[Start of section]

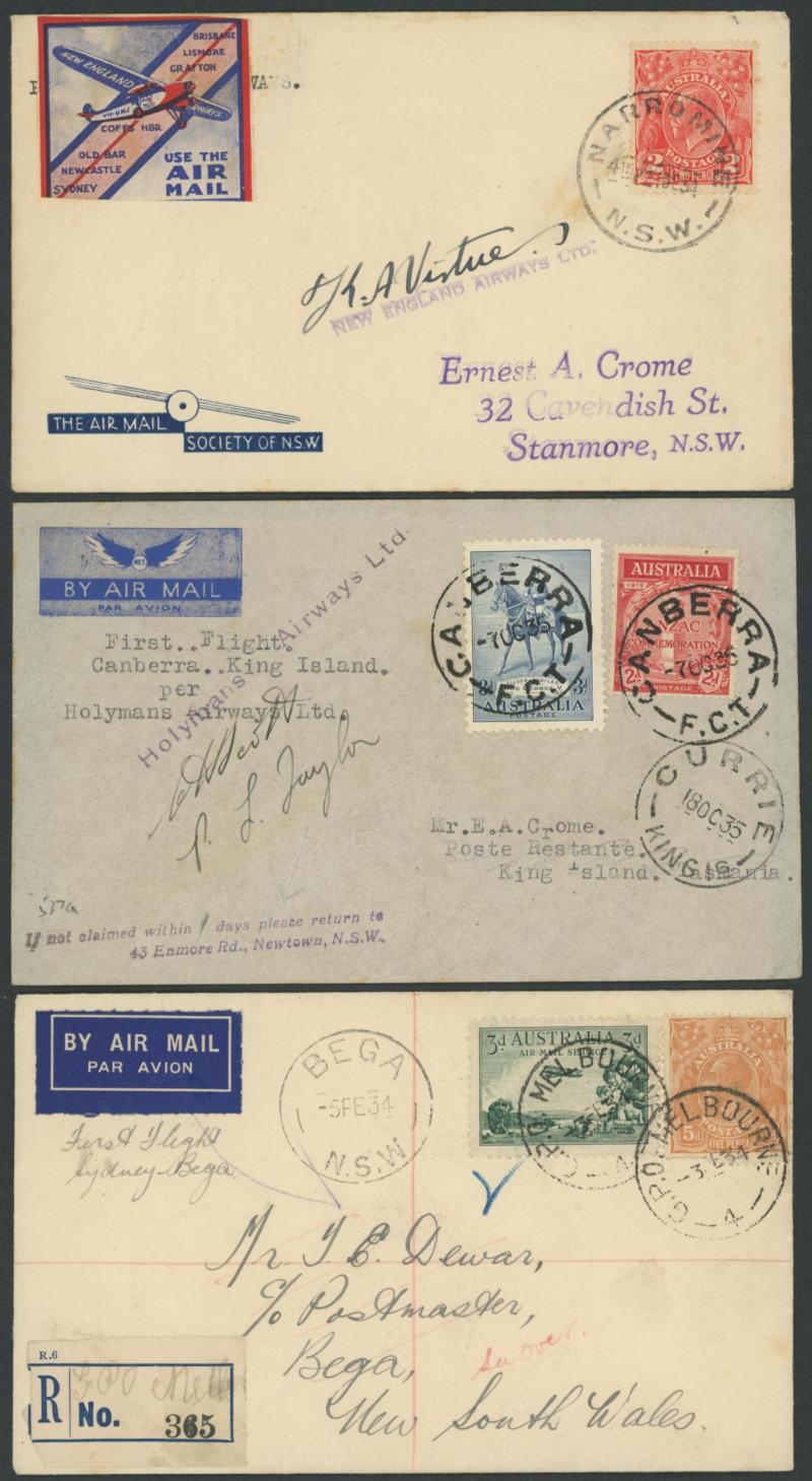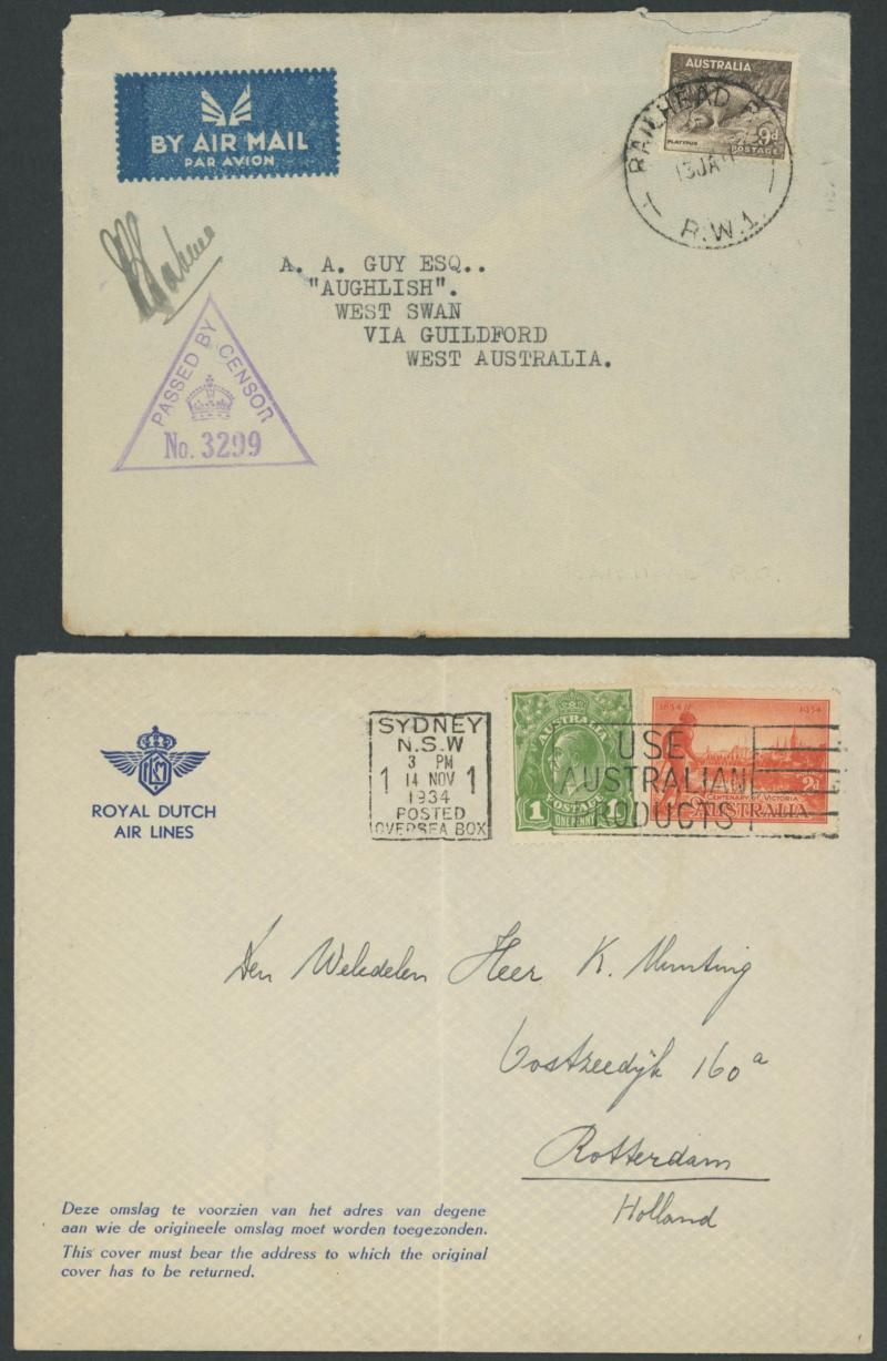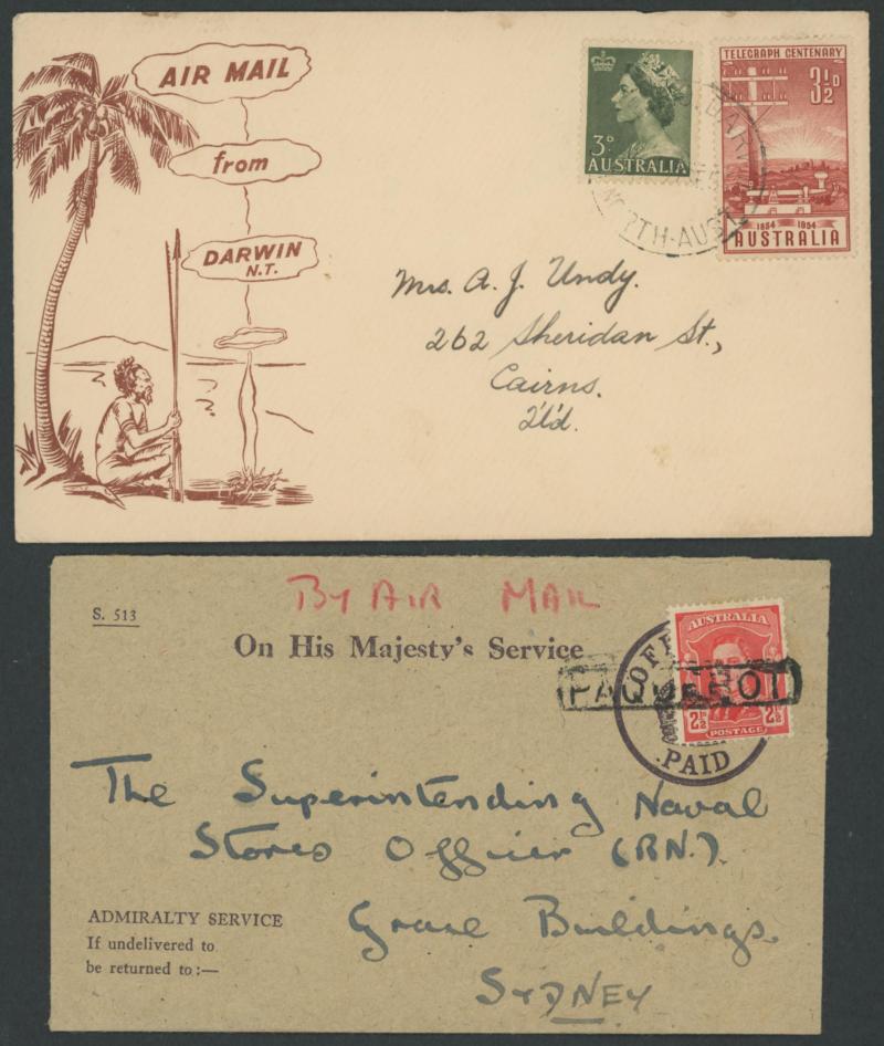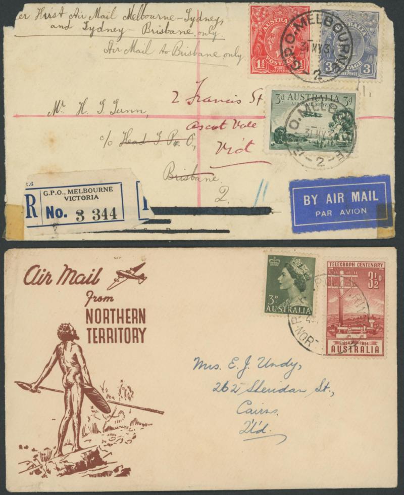 'PERTH DERBY/4DE21/ WA /AERIAL MAIL' cds, 1931 Fairbairn & Shenstone Calcutta-Darwin with superb '.../ENGINE OVERHAULED' cachet, 1947 Sydney-Norfolk Island with Qantas label & pilot-signed, 1955 Cocos Island flight with Map cachet in rosine, 1941
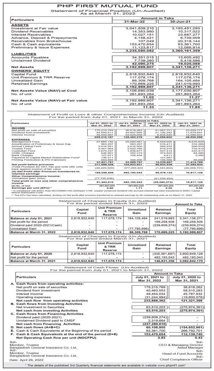 Un-audited Statements of Financial Position of PHP First Mutual Fund
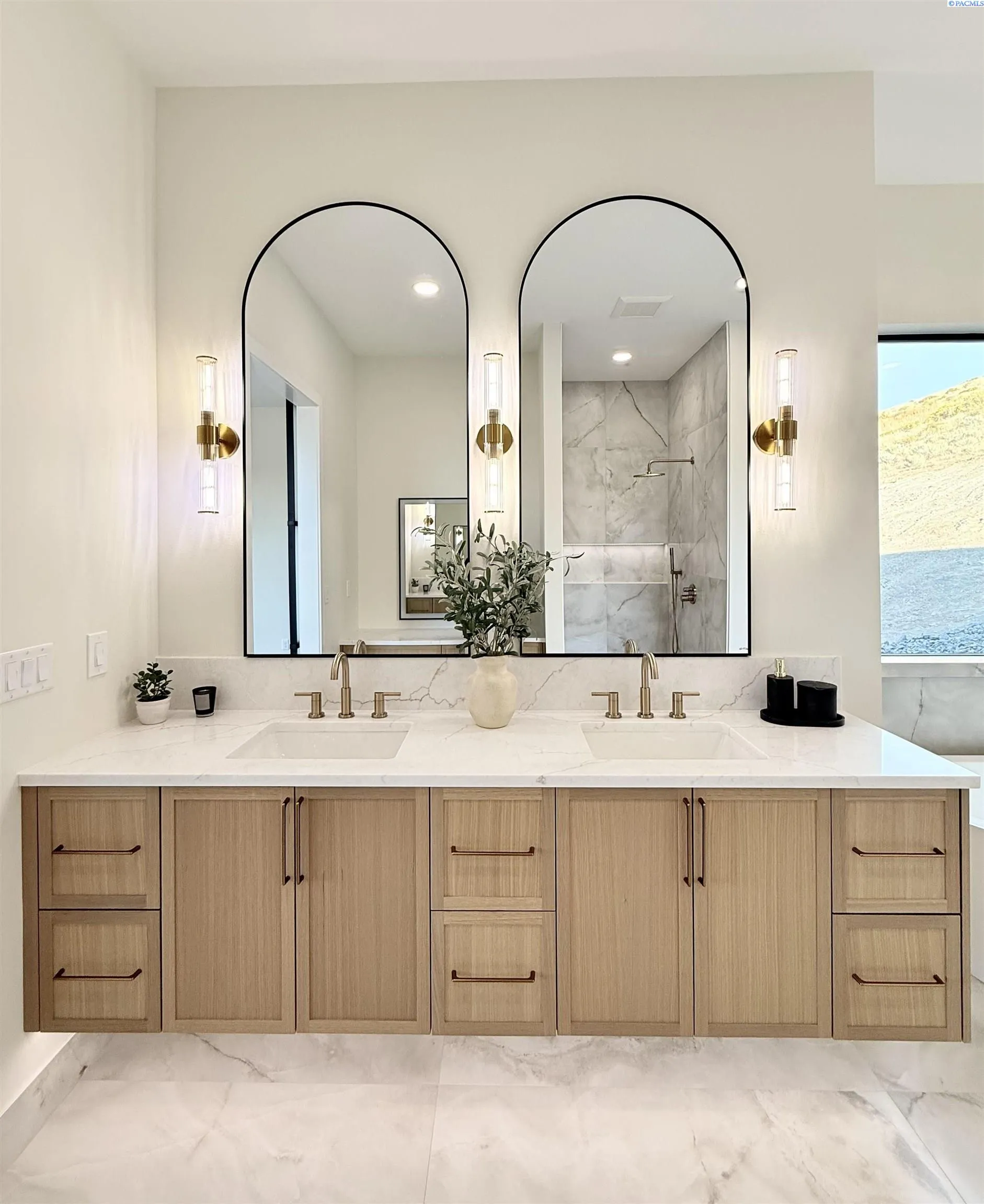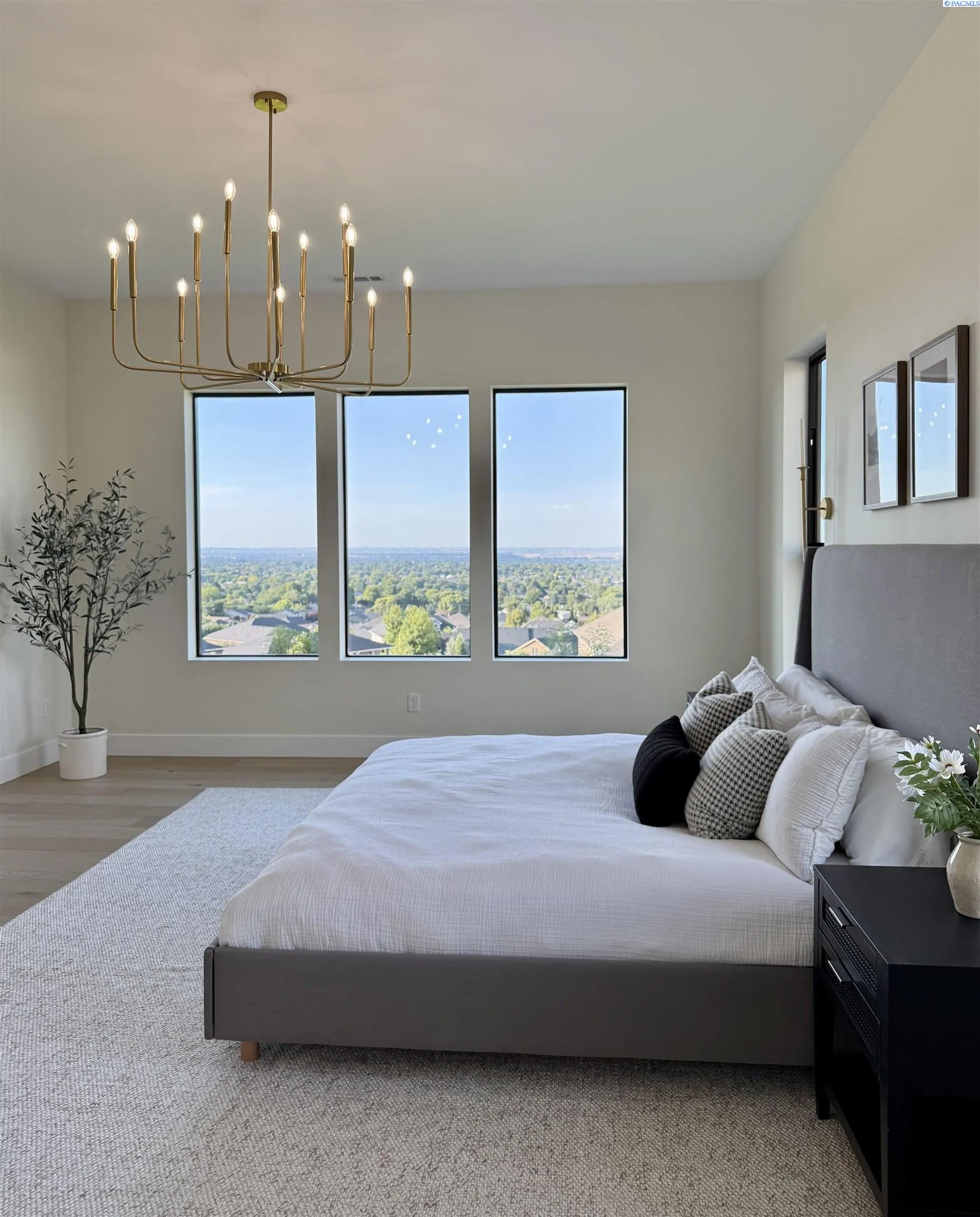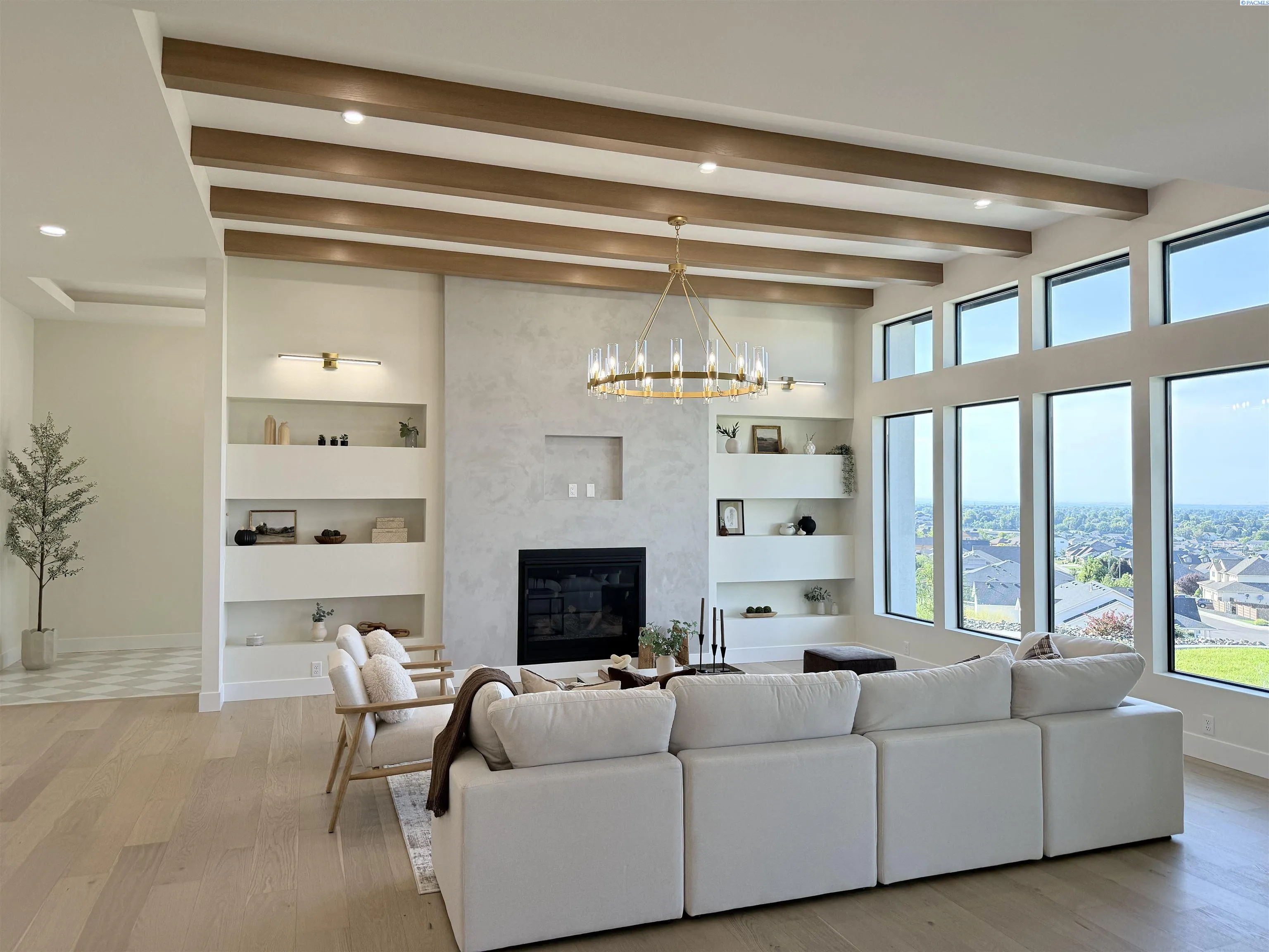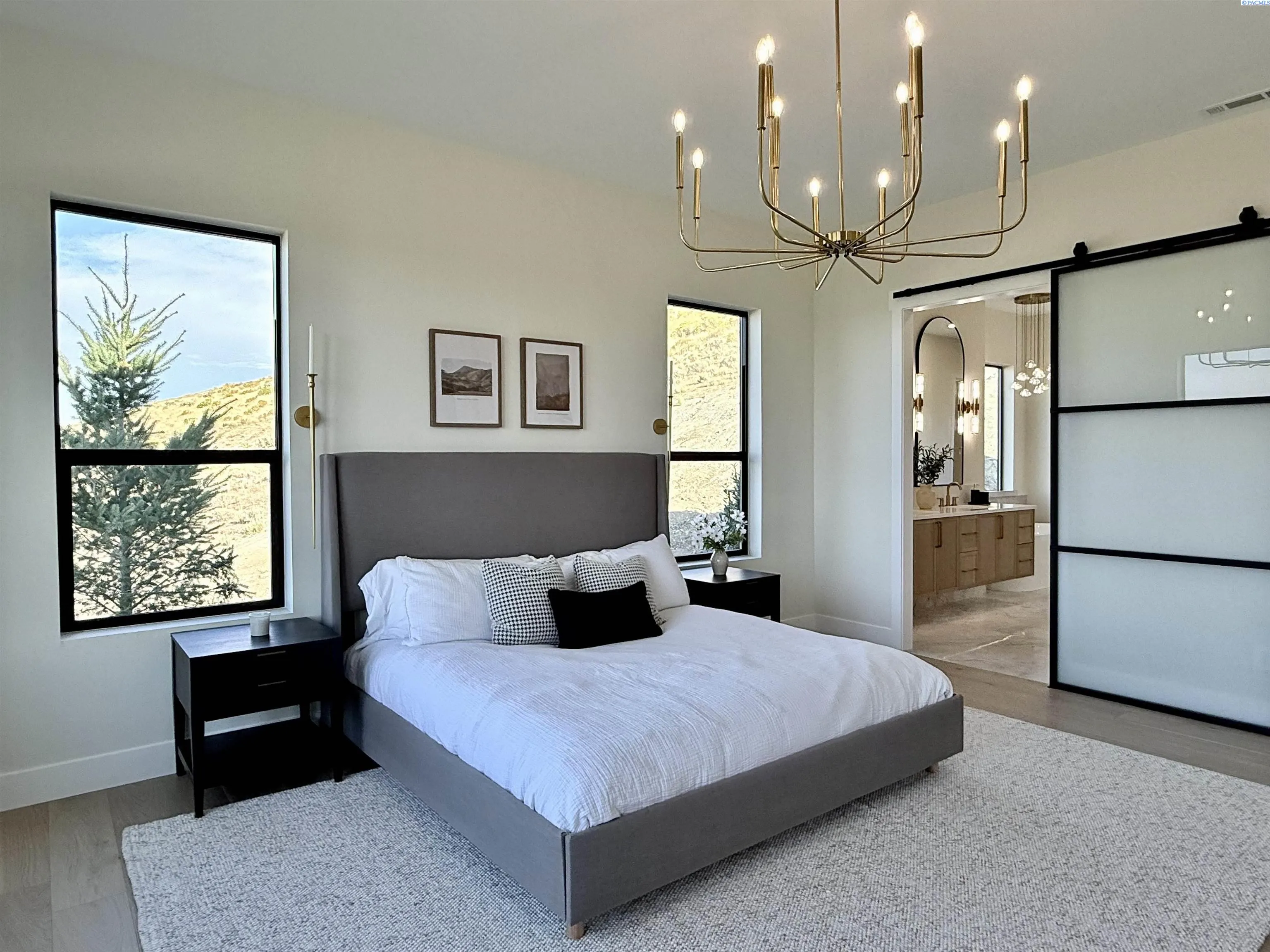MLS# 286327 This exquisite 4-BR + Den, 3.5-BA rambler is situated in the esteemed Inspiration Estates. This home has a linear style, highlighted by black windows for you to enjoy the view sweeping from Badger Mt to the Blue Mountains, making for incredible sunrises and sunsets. The privacy-glassed, oversized garage gives extra space for projects or storage. This home comes fully landscaped with TUGS. This architectural masterpiece features a no-step entry, ensuring convenience and accessibility. The covered patio is perfect to extend your entertainment area and the BBQ stub is ready for your grill or future outdoor kitchen. The solar panels, EV outlet in garage and the tankless water heater increase energy efficiency. The designed flow starts with a grand entry foyer, leading into the Great Room with 12’ ceilings, open concept with the kitchen and dining room. The fireplace is strategically placed in the hand-troweled limestone column in the Great Room with built in shelving that is illuminated by sconces. The ceiling shows off the custom beam work that shares options in an overhead lighting system and a dimmable, gold ring chandelier. Engineered white oak hardwood flooring is in main living areas and Berber carpet in the bedrooms. All bathrooms are tiled –no fiberglass here! There are Quartz countertops throughout the kitchen, bathrooms and Mudroom. Creating in this kitchen will be a total joy with the Z-Line 48” SS Professional Range/Oven with Champagne Bronze Accents. It has an electric Double oven with 6.7 cu ft for larger cooking and a side, baking oven. The 8 auto-re ignition gas burners combine the elegance of a hand-finished porcelain cooktop with an electric convection oven. Sconces are placed on either side of the limestone vent hood for ambiance. Matching Z-Line Drawer Microwave and Dishwasher compliment this impressive look. Custom stained cabinets are showcased with the toe-kick lighting, and under island lighting as well. The 10’ x 4’ quartz waterfall island has full cabinet storage beneath. The pantry has generous shelving. The Main BR is spacious and has breathtaking views. The Owner’s Bath is welcoming and set apart by a privacy-tinted glass sliding door; featuring a makeup bar with lighted mirror, tiled shower with undershelf lighting, free-standing tub with chandelier, built in shelving with dimmable lighting, large closet with custom shelving, and separate area for the Owners Washer/Dryer. 2 yr snow removal included with full price.

[End of section]

◆ Exercise instructions
When you reproduce the material, keep every word exact and leave each picture out.

◆ Task solution
 'PERTH DERBY/4DE21/ WA /AERIAL MAIL' cds, 1931 Fairbairn & Shenstone Calcutta-Darwin with superb '.../ENGINE OVERHAULED' cachet, 1947 Sydney-Norfolk Island with Qantas label & pilot-signed, 1955 Cocos Island flight with Map cachet in rosine, 1941
 Un-audited Statements of Financial Position of PHP First Mutual Fund
MLS# 286327 This exquisite 4-BR + Den, 3.5-BA rambler is situated in the esteemed Inspiration Estates. This home has a linear style, highlighted by black windows for you to enjoy the view sweeping from Badger Mt to the Blue Mountains, making for incredible sunrises and sunsets. The privacy-glassed, oversized garage gives extra space for projects or storage. This home comes fully landscaped with TUGS. This architectural masterpiece features a no-step entry, ensuring convenience and accessibility. The covered patio is perfect to extend your entertainment area and the BBQ stub is ready for your grill or future outdoor kitchen. The solar panels, EV outlet in garage and the tankless water heater increase energy efficiency. The designed flow starts with a grand entry foyer, leading into the Great Room with 12’ ceilings, open concept with the kitchen and dining room. The fireplace is strategically placed in the hand-troweled limestone column in the Great Room with built in shelving that is illuminated by sconces. The ceiling shows off the custom beam work that shares options in an overhead lighting system and a dimmable, gold ring chandelier. Engineered white oak hardwood flooring is in main living areas and Berber carpet in the bedrooms. All bathrooms are tiled –no fiberglass here! There are Quartz countertops throughout the kitchen, bathrooms and Mudroom. Creating in this kitchen will be a total joy with the Z-Line 48” SS Professional Range/Oven with Champagne Bronze Accents. It has an electric Double oven with 6.7 cu ft for larger cooking and a side, baking oven. The 8 auto-re ignition gas burners combine the elegance of a hand-finished porcelain cooktop with an electric convection oven. Sconces are placed on either side of the limestone vent hood for ambiance. Matching Z-Line Drawer Microwave and Dishwasher compliment this impressive look. Custom stained cabinets are showcased with the toe-kick lighting, and under island lighting as well. The 10’ x 4’ quartz waterfall island has full cabinet storage beneath. The pantry has generous shelving. The Main BR is spacious and has breathtaking views. The Owner’s Bath is welcoming and set apart by a privacy-tinted glass sliding door; featuring a makeup bar with lighted mirror, tiled shower with undershelf lighting, free-standing tub with chandelier, built in shelving with dimmable lighting, large closet with custom shelving, and separate area for the Owners Washer/Dryer. 2 yr snow removal included with full price.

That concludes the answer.